= Kalman H. Silvert =

American democratic author

Kalman H. Silvert, (born 10 March 1921, Bryn Mawr, Pennsylvania, died 15 June 1976, New York, New York) was an author of works on democracy in Latin America, the first president of the Latin American Studies Association (LASA), and professor of political science at Tulane University, NYU, and other universities. The Kalman Silvert Award is LASA's highest award.

== Life and career==
Silvert was born in Bryn Mawr, Pennsylvania to Henry Jacob Silvert and Ida Levine Silvert. He attended University of Pennsylvania, studying political science and government. He earned his PhD in political science in 1948 from Penn. In 1942, he married Frieda Moskalik, and the couple had three sons.

Silvert’s academic work on Latin America revolved around issues of democracy, repression, and education and focused on particular Latin American countries including Chile, Guatemala, and Venezuela. He was a professor of political science at New York University and the director of its Ibero-American Center. He had previously taught at Tulane University, Dartmouth College, and the University of Buenos Aires.

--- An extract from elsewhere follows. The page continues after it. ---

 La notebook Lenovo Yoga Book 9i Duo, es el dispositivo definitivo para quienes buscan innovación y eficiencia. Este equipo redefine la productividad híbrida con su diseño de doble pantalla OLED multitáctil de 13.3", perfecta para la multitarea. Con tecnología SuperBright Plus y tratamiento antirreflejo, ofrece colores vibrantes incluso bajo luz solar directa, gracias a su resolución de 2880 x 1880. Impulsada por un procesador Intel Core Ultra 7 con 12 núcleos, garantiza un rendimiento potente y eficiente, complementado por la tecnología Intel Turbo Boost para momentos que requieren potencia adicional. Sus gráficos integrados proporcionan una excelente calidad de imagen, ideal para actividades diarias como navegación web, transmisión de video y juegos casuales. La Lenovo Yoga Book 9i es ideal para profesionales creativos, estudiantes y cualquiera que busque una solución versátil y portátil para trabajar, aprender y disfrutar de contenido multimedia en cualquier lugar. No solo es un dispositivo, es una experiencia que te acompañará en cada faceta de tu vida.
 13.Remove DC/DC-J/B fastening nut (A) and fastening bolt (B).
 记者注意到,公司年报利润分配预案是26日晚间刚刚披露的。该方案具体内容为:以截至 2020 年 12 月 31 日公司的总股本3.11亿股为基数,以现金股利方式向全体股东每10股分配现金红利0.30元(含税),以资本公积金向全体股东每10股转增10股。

He was part of the group of scholars who founded the Latin American Studies Association in 1966 to bring together scholars from many disciplines into one organization. He served as an adviser to the Ford Foundation, which aided the formation of LASA. He subsequently became LASA's first president. According to Richard McGee Morse, who participated in LASA’s founding, “If we wanted to set proper standards for Latin American studies, if we were concerned with the mix of intellectual curiosity and moral commitment, or of sciences and humanities (indeed, Science and Humanity), the founding president had to be Kal Silvert.”

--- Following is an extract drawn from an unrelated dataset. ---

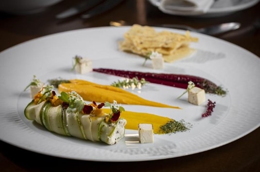 Orgânicos da terra: trio de cenoura, canelone de abobrinha recheado com tofu e cogumelos, crostini de polvilho com casca de mandioca

The 11 September 1973 military coup in Chile overthrowing the democratically elected government of Salvador Allende was deeply distressing to Silvert, much of whose academic work concerned Chile. In 1974, he participated in the Commission on U.S.-Latin American Relations, chaired by U.S. Ambassador Sol M. Linowitz. The report advocated the normalization of U.S. relations with Cuba.

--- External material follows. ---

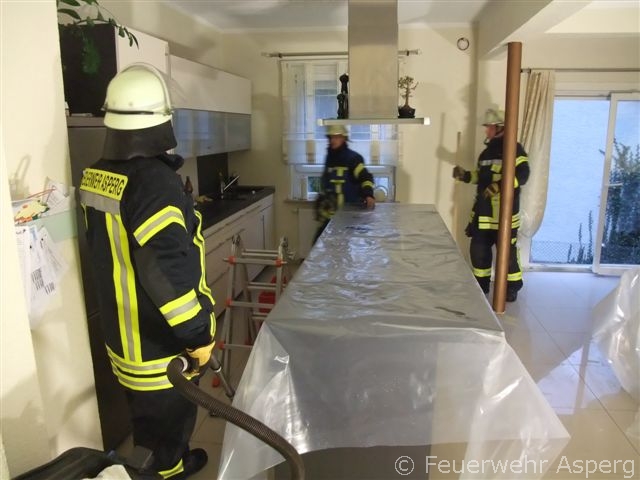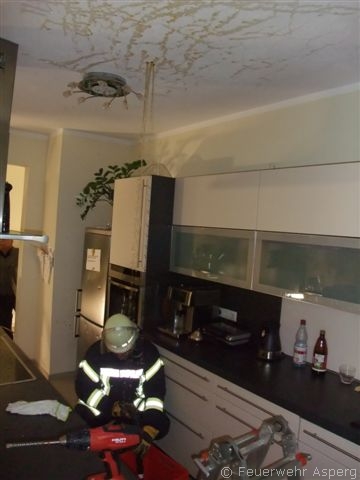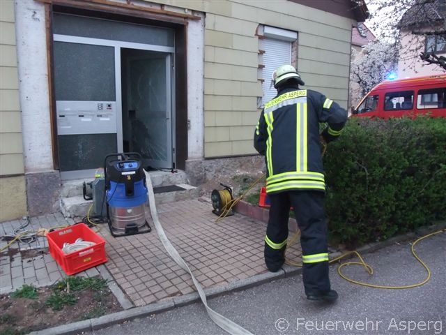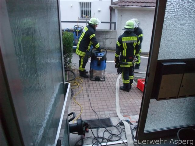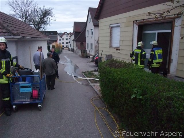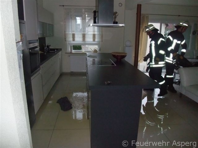 Am Ostermontag wurde die Feuerwehr Asperg zu einem Wasserrohrbruch in die Lehenstraße alarmiert. Über Notruf 112 meldete ein Bewohner eines Zweifamilienhauses massiven Wassereinbruch in seiner Erdgeschoßwohnung. In der im 1. Obergeschoss leerstehenden Wohnung kam es in der Küche zu einem Wasserrohrbuch. Umgehend wurde das Wasser durch die Einsatzkräfte der Feuerwehr abgestellt und das komplette Haus stromlos geschaltet. Eine externe Stromversorgung wurde mit einem Stromaggregat aufgebaut und das Wasser mittels mehreren Wassersaugern aufgenommen. Teile der Wohnungseinrichtung wurden zum Schutz vor dem aus der Decke tropfenden Wasser mit Planen abgedeckt. Eine Installationsfirma wurde verständigt. Ebenfalls vor Ort war die Polizei mit einer Streife.

According to one friend and colleague, Silvert had a “keen sense of loyalty... low tolerance for foolishness and large capacity for moral indignation … [and an] insistence on speaking from the mind and not the gut.”

==Works==
- A Study in Government: Guatemala. Middle American Research Institute, Tulane University 1954.
- Education and the Social Meaning of Development: A Preliminary Statement (with Frank Bonilla). New York: American Universities Field Staff 1961.
- The Conflict Society: Reaction and Revolution in Latin America. New Orleans: Hauser Press 1961.
- Chile, Yesterday and Today. New York: Holt 1965.
- Man’s Power: A Biased Guide to Political Thought. New York: Viking Press 1970.
- Education, Class and Nation: The Experience of Chile and Venezuela (with Leonard Reissman). New York: Elsevier 1976.
- Education, Values and the Possibilities of Social Change in Chile (with Joel M. Jutkowitz). Philadelphia: Institute for the Study of Human Issues 1976.
- The Reason for Democracy. New York: Viking Press 1977.
- Essays in Understanding Latin America. Philadelphia: Institute for the Study of Human Issues, 1977.